## Session details

• Date of session: 19 Oct, 2018
• Instructor: Luke W. Johnston
• Session level: Beginner
• Package to install:

install.packages("ggplot2")

### Objectives

1. To become aware of the powerful features of ggplot2.
2. To learn about some of the fundamentals of easily creating amazing graphics.
3. To know about some resources to continue learning.

At the end of this session, you will achieve this objective by creating a fairly simple, visually-appealing graph that shows:

• At least three data values, ie. “aesthetics” or aes(), such as what to put on the x-axis, the y-axis, and or using colour or size.
• At least two layers, ie “geometries” or geom_, such as points, lines, or boxplots.
• That has clearly labelled x and y axes, ie. labs().
• That has some changes to the look and feel of the plot, ie. theme(), so that it is publication ready.

For learning:

For help:

## Quickly get familiar with data to plot

For this session we will be using the CO2 dataset.

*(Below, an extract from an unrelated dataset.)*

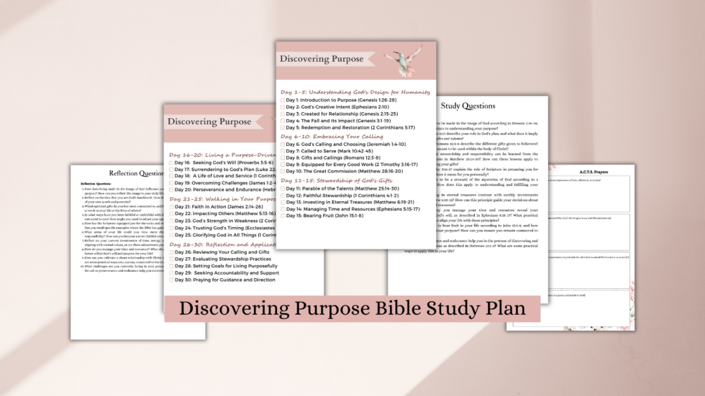 This free printable Bible reading plan is focused on the topic of Discovering Purpose - Unveiling God's Plan For Your Life.

Here is some code to get a sense of the data.

# Variables
names(CO2)
#> [1] "Plant"     "Type"      "Treatment" "conc"      "uptake"

# General contents
str(CO2)
#> Classes 'nfnGroupedData', 'nfGroupedData', 'groupedData' and 'data.frame':   84 obs. of  5 variables:
#>  $Plant : Ord.factor w/ 12 levels "Qn1"<"Qn2"<"Qn3"<..: 1 1 1 1 1 1 1 2 2 2 ... #>$ Type     : Factor w/ 2 levels "Quebec","Mississippi": 1 1 1 1 1 1 1 1 1 1 ...
#>  $Treatment: Factor w/ 2 levels "nonchilled","chilled": 1 1 1 1 1 1 1 1 1 1 ... #>$ conc     : num  95 175 250 350 500 675 1000 95 175 250 ...
#>  $uptake : num 16 30.4 34.8 37.2 35.3 39.2 39.7 13.6 27.3 37.1 ... #> - attr(*, "formula")=Class 'formula' language uptake ~ conc | Plant #> .. ..- attr(*, ".Environment")=<environment: R_EmptyEnv> #> - attr(*, "outer")=Class 'formula' language ~Treatment * Type #> .. ..- attr(*, ".Environment")=<environment: R_EmptyEnv> #> - attr(*, "labels")=List of 2 #> ..$ x: chr "Ambient carbon dioxide concentration"
#>   ..$y: chr "CO2 uptake rate" #> - attr(*, "units")=List of 2 #> ..$ x: chr "(uL/L)"
#>   ..\$ y: chr "(umol/m^2 s)"

# Quick summary
summary(CO2)
#>      Plant             Type         Treatment       conc
#>  Qn1    : 7   Quebec     :42   nonchilled:42   Min.   :  95
#>  Qn2    : 7   Mississippi:42   chilled   :42   1st Qu.: 175
#>  Qn3    : 7                                    Median : 350
#>  Qc1    : 7                                    Mean   : 435
#>  Qc3    : 7                                    3rd Qu.: 675
#>  Qc2    : 7                                    Max.   :1000
#>  (Other):42
#>      uptake
#>  Min.   : 7.70
#>  1st Qu.:17.90
#>  Median :28.30
#>  Mean   :27.21
#>  3rd Qu.:37.12
#>  Max.   :45.50
#> 

### Exercise: Choose a dataset and check it out

There are several exercises in this session. Choose one of the below datasets and use that dataset for all later exercises.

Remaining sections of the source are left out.